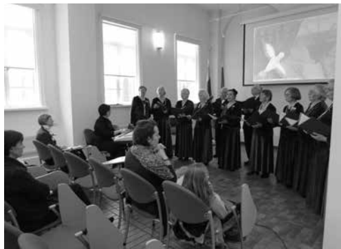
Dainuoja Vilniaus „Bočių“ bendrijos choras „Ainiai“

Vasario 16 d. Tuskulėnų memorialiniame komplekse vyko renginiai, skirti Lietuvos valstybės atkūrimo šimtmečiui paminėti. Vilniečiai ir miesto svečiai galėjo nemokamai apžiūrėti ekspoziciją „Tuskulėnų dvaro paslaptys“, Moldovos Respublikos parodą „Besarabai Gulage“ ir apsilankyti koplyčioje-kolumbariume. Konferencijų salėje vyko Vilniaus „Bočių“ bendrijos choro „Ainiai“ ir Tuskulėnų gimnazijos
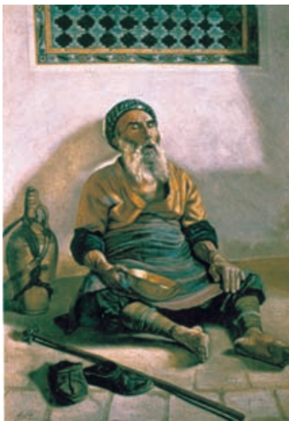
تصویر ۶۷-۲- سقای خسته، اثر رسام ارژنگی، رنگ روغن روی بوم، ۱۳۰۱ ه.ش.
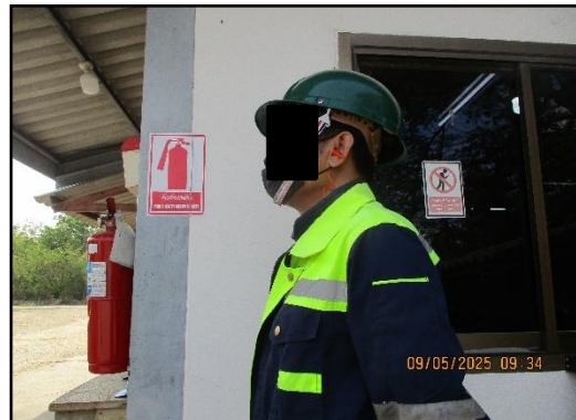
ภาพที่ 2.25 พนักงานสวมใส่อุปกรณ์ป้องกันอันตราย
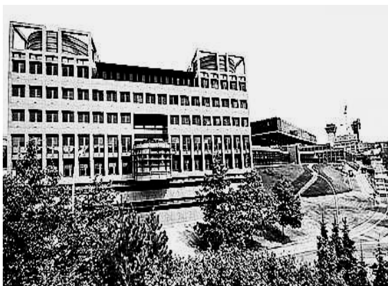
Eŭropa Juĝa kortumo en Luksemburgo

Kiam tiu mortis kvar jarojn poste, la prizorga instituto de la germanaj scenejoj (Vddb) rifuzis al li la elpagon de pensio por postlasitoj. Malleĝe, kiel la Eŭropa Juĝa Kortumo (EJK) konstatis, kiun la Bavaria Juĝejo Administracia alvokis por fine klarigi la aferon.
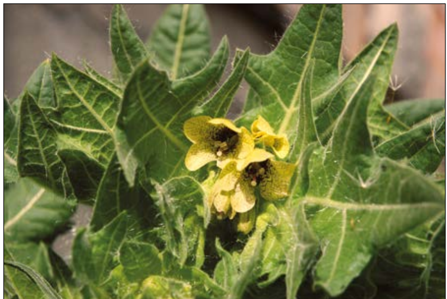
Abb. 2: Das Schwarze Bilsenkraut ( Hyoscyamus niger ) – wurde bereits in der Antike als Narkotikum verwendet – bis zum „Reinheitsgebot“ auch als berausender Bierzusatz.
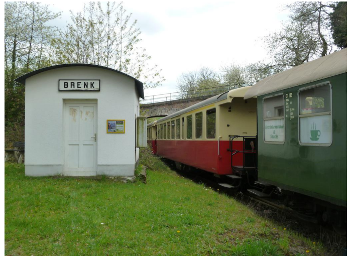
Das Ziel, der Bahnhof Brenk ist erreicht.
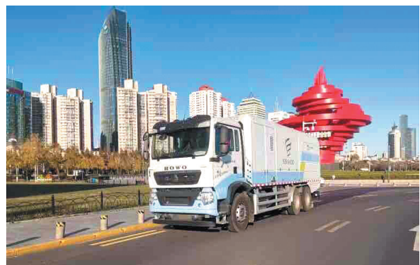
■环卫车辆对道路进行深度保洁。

» **EXERCISE DESCRIPTION**: All lines from the beginning of the entries above to the line containing "Eŭropa Juĝa kortumo en Luksemburgo", inclusive, should be printed exactly, apart from the pictures.

» **RESULT OF THIS TASK**:
Dainuoja Vilniaus „Bočių“ bendrijos choras „Ainiai“

Vasario 16 d. Tuskulėnų memorialiniame komplekse vyko renginiai, skirti Lietuvos valstybės atkūrimo šimtmečiui paminėti. Vilniečiai ir miesto svečiai galėjo nemokamai apžiūrėti ekspoziciją „Tuskulėnų dvaro paslaptys“, Moldovos Respublikos parodą „Besarabai Gulage“ ir apsilankyti koplyčioje-kolumbariume. Konferencijų salėje vyko Vilniaus „Bočių“ bendrijos choro „Ainiai“ ir Tuskulėnų gimnazijos
تصویر ۶۷-۲- سقای خسته، اثر رسام ارژنگی، رنگ روغن روی بوم، ۱۳۰۱ ه.ش.
ภาพที่ 2.25 พนักงานสวมใส่อุปกรณ์ป้องกันอันตราย
Eŭropa Juĝa kortumo en Luksemburgo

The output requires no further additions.